The data I typically has the following format:
ID Entry_type Departure_type Birth_date Death_date Lifespan
234 B 1 2008-05-01 2020-01-20 10.986995
549 B 1 2014-05-25 2016-02-09 1.711157
235 B 1 2015-02-01 2017-08-01 2.496920ID
This data has one individual per row, specified by their ID. The final column is that individual's lifespan
I can generate a Kaplan-Meier plot from this table using the code:
survival_plot <- ggsurvplot(
fit = survfit(Surv(Lifespan, Depart.Type) ~ 1, data = life_span_table),
xlab = "Years",
ylab = "Overall survival probability",
surv.median.line = "hv",
title = "Survival Curve",
legend.title="")
However I now have census record data where I am tracking a cohort born in the year 1905. The data looks like this:
Year Age Total BirthYear CumDeath
1905 0 9262 1905 9262
1906 1 1335 1905 10597
1907 2 514 1905 11111
Explainer for the columns:
Year: The year being recorded.
Age: The age of the individual from the 1905 cohort in that year.
Total: The number of individuals born in 1905 who died in the recorded year.
BirthYear: Always 1905 for this cohort (redundant information)
CumDeath: The total number of people from the cohort who have died at the point of recording (cumulative death).
So this data format does not have an individual per row as previously. I feel the only way to make identical Kaplan-Meier plots using this data is to reformat it so that there is one individual per row and their Lifespan data is added as a new column to fit the format I usually work with.

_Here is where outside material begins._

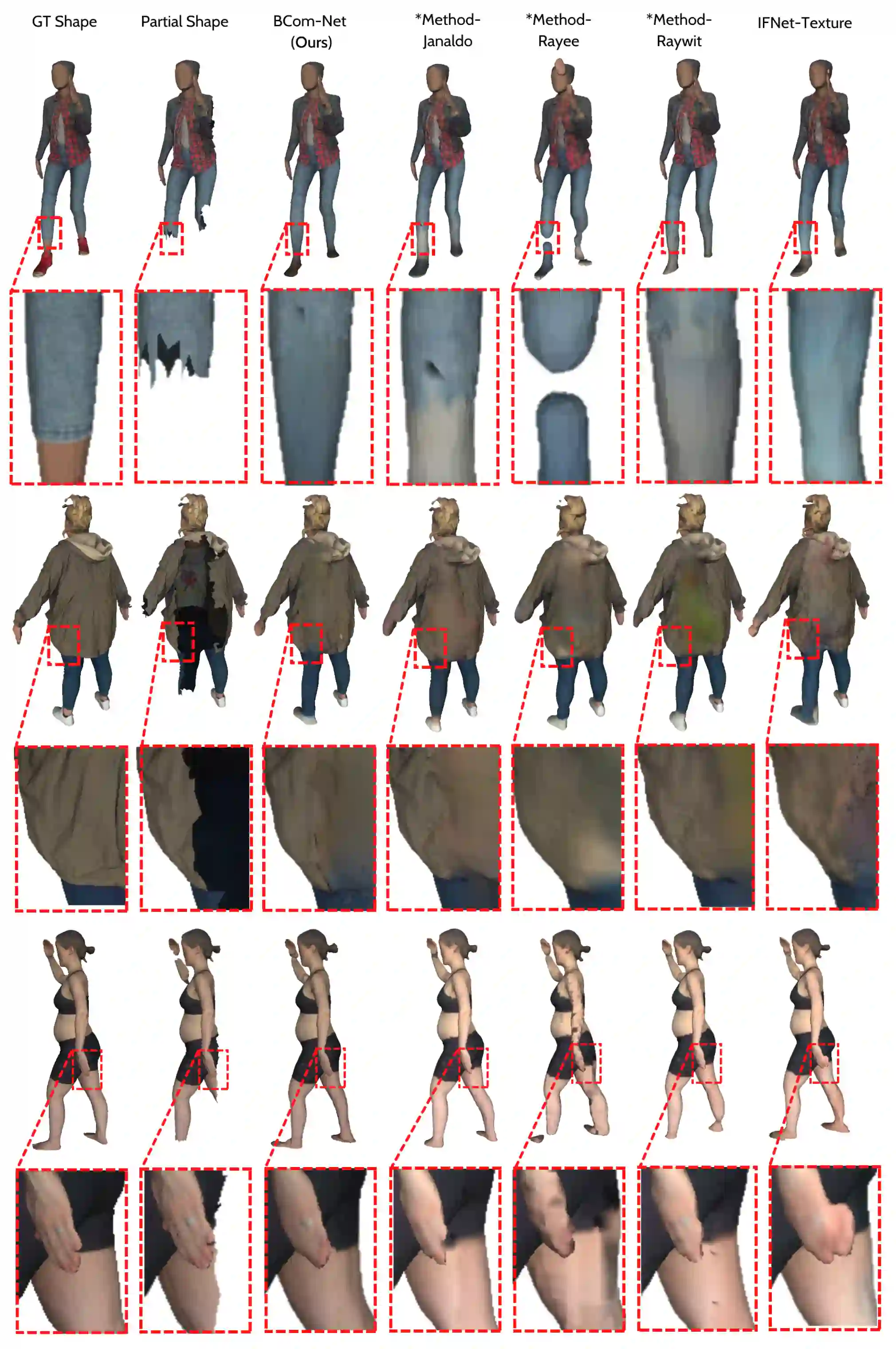 Reconstructing 3D human body shapes from 3D partial textured scans remains a fundamental task for many computer vision and graphics applications -- e.g., body animation, and virtual dressing. We propose a new neural network architecture for 3D body shape and high-resolution texture completion -- BCom-Net -- that can reconstruct the full geometry from mid-level to high-level partial input scans. We decompose the overall reconstruction task into two stages - first, a joint implicit learning network (SCom-Net and TCom-Net) that takes a voxelized scan and its occupancy grid as input to reconstruct the full body shape and predict vertex textures. Second, a high-resolution texture completion network, that utilizes the predicted coarse vertex textures to inpaint the missing parts of the partial 'texture atlas'. A Thorough experimental evaluation on 3DBodyTex.V2 dataset shows that our method achieves competitive results with respect to the state-of-the-art while generalizing to different types and levels of partial shapes. The proposed method has also ranked second in the SHARP 2022 Challenge1-Track1.

Lifespan can be calculated as the difference between the Year and the Birthyear, but I would need to make the number of rows for each lifespan equal to the Total entry for each year. Then I can add a Entry_Type and Departure_Type column for each row that would always be 'B' for Entry_type and '1' for Departure_type.
I usually use dplyr for reformatting tables but I am not sure of the best way to add new rows for each lifespan conditional on the Total entry. Can dplyr do this or am I better off using a loop or lapply function?
Any help is greatly appreciated.